(Source data)
________________________

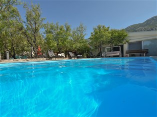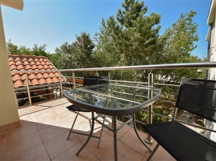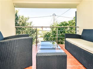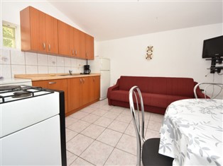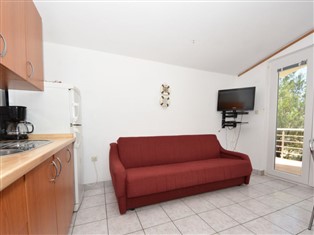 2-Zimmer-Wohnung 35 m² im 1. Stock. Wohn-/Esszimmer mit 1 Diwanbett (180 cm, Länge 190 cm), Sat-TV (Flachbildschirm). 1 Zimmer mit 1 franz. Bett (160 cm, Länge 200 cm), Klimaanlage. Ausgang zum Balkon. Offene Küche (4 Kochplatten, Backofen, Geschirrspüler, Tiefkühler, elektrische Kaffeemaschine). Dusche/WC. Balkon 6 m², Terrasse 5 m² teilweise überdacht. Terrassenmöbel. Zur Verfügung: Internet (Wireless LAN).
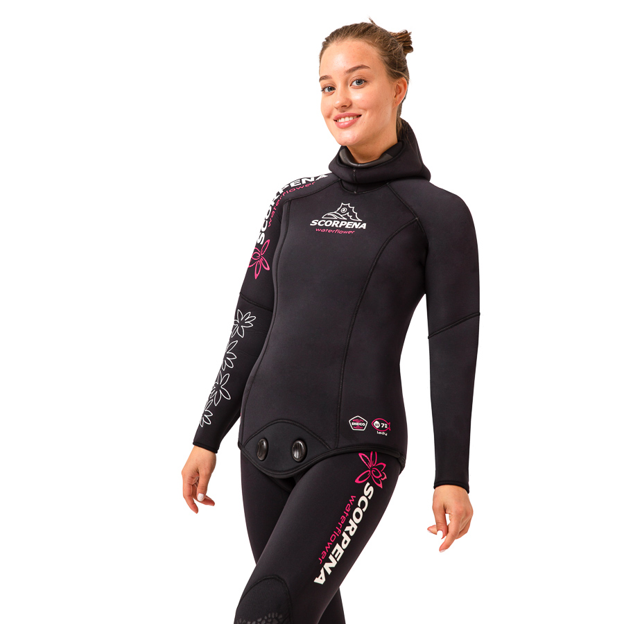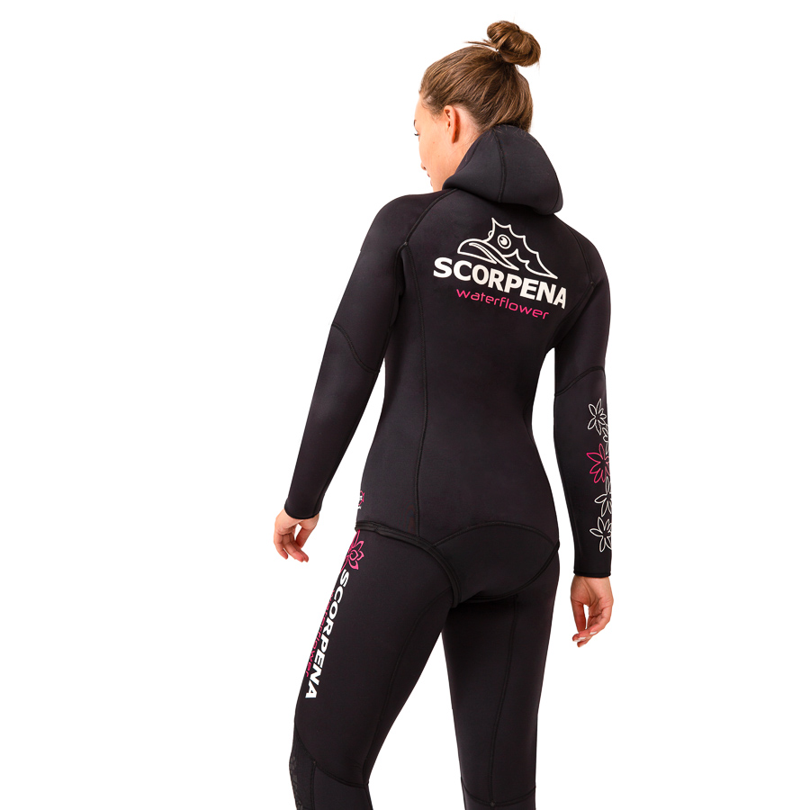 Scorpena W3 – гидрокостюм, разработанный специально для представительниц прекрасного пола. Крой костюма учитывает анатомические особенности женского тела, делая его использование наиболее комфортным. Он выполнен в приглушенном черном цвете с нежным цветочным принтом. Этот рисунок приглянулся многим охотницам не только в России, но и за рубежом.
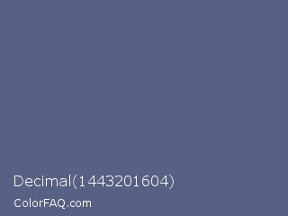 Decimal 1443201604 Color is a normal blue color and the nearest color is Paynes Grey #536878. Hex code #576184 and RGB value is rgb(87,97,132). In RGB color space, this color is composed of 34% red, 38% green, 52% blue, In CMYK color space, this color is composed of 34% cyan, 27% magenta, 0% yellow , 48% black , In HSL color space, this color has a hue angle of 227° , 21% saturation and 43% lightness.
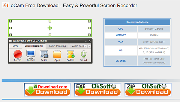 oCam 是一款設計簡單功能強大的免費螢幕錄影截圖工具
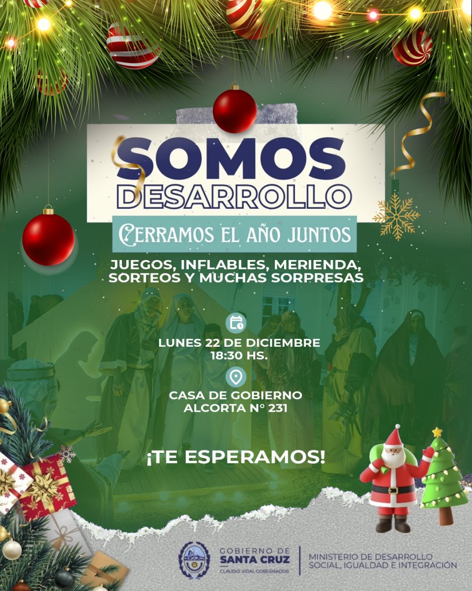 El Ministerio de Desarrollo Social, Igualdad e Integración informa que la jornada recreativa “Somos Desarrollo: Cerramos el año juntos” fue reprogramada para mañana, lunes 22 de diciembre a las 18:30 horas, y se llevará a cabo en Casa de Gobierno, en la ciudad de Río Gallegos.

________________________

» **Exercise instructions**
Leave out the pictures, and give all the records again exactly.

» **Task output**
 2-Zimmer-Wohnung 35 m² im 1. Stock. Wohn-/Esszimmer mit 1 Diwanbett (180 cm, Länge 190 cm), Sat-TV (Flachbildschirm). 1 Zimmer mit 1 franz. Bett (160 cm, Länge 200 cm), Klimaanlage. Ausgang zum Balkon. Offene Küche (4 Kochplatten, Backofen, Geschirrspüler, Tiefkühler, elektrische Kaffeemaschine). Dusche/WC. Balkon 6 m², Terrasse 5 m² teilweise überdacht. Terrassenmöbel. Zur Verfügung: Internet (Wireless LAN).
 Scorpena W3 – гидрокостюм, разработанный специально для представительниц прекрасного пола. Крой костюма учитывает анатомические особенности женского тела, делая его использование наиболее комфортным. Он выполнен в приглушенном черном цвете с нежным цветочным принтом. Этот рисунок приглянулся многим охотницам не только в России, но и за рубежом.
 Decimal 1443201604 Color is a normal blue color and the nearest color is Paynes Grey #536878. Hex code #576184 and RGB value is rgb(87,97,132). In RGB color space, this color is composed of 34% red, 38% green, 52% blue, In CMYK color space, this color is composed of 34% cyan, 27% magenta, 0% yellow , 48% black , In HSL color space, this color has a hue angle of 227° , 21% saturation and 43% lightness.
 oCam 是一款設計簡單功能強大的免費螢幕錄影截圖工具
 El Ministerio de Desarrollo Social, Igualdad e Integración informa que la jornada recreativa “Somos Desarrollo: Cerramos el año juntos” fue reprogramada para mañana, lunes 22 de diciembre a las 18:30 horas, y se llevará a cabo en Casa de Gobierno, en la ciudad de Río Gallegos.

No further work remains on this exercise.